The accuracy of the model from the confusion matrix comes out to 67.33%, which is still worse than Tina's original model which did not exclude anything from the original dataset. Other methods could involve the following to make the model better:

1. **Regularization:** Regularization is a technique that penalizes the model for having large coefficients. This can help to reduce overfitting and improve the model's predictive performance. There are two main types of regularization: L1 regularization and L2 regularization. L1 regularization penalizes the absolute values of the coefficients, while L2 regularization penalizes the squared values of the coefficients.

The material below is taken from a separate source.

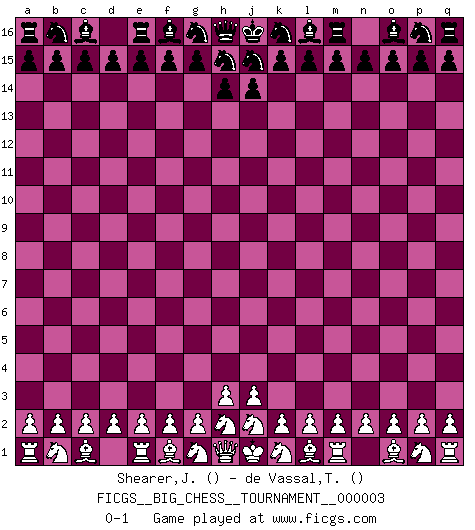 Last move : 0-1 2007 April 19 17:48:27 [Event "FICGS__BIG_CHESS__TOURNAMENT__000003"] [Site "FICGS"] [Date "2007.03.20"] [Round "1"] [White "Shearer,Joseph"] [Black "de Vassal,Thibault"] [Result "0-1"] [WhiteElo ""] [BlackElo ""] 0-1 This big chess game has been lost on time (started : 2007.03.20 13:28:58) Follow this game move after move (download)Alekhine is a poet who creates a work of art out of something that would hardly inspire another man to send home a picture post card. (Max Euwe) Um dein Spiel zu verbessern musst du zuallererst das Endspiel studieren, denn diese kann unabhängig studiert werden. Die Eröffnung und das Mittelspiel müssen immer in Bezug gesetzt werden zum Endspiel. (José Raúl Capablanca) Fischer es el jugador mas fuerte del mundo. De hecho, el jugador mas fuerte que jamas haya existido. (Larry Evans) La tactique est l'élément le plus important du milieu de jeu. (Siegbert Tarrasch) Life doesn't imitate art, it imitates bad television. (Woody Allen)
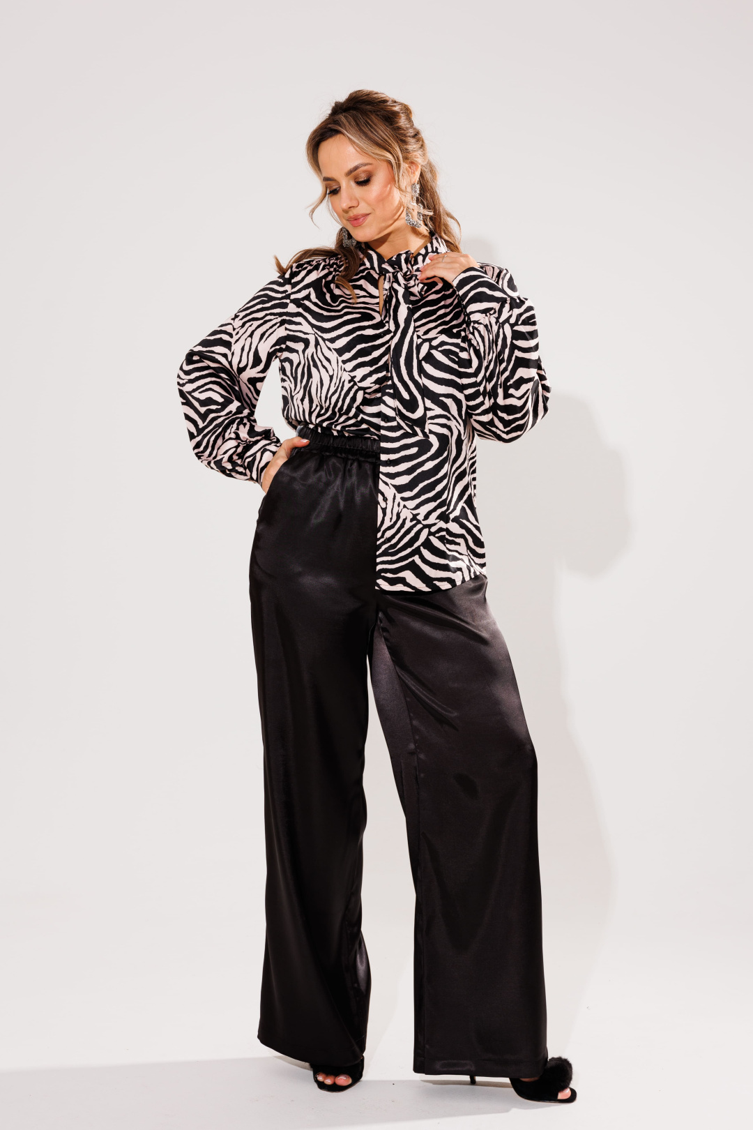 На модели атласные брюки 1737 от Анелли.

2. **Cross-validation:** Cross-validation is a technique for evaluating the performance of a model on unseen data. This is done by splitting the data into a training set and a test set. The model is trained on the training set and then tested on the test set. This helps to ensure that the model is not overfitting the training data.
3. **Hyperparameter tuning:** The hyperparameters of a logistic regression model are the parameters that control the way the model is fit. These parameters can be tuned to improve the model's performance. Some of the most important hyperparameters to tune include the learning rate, the number of iterations, and the regularization strength.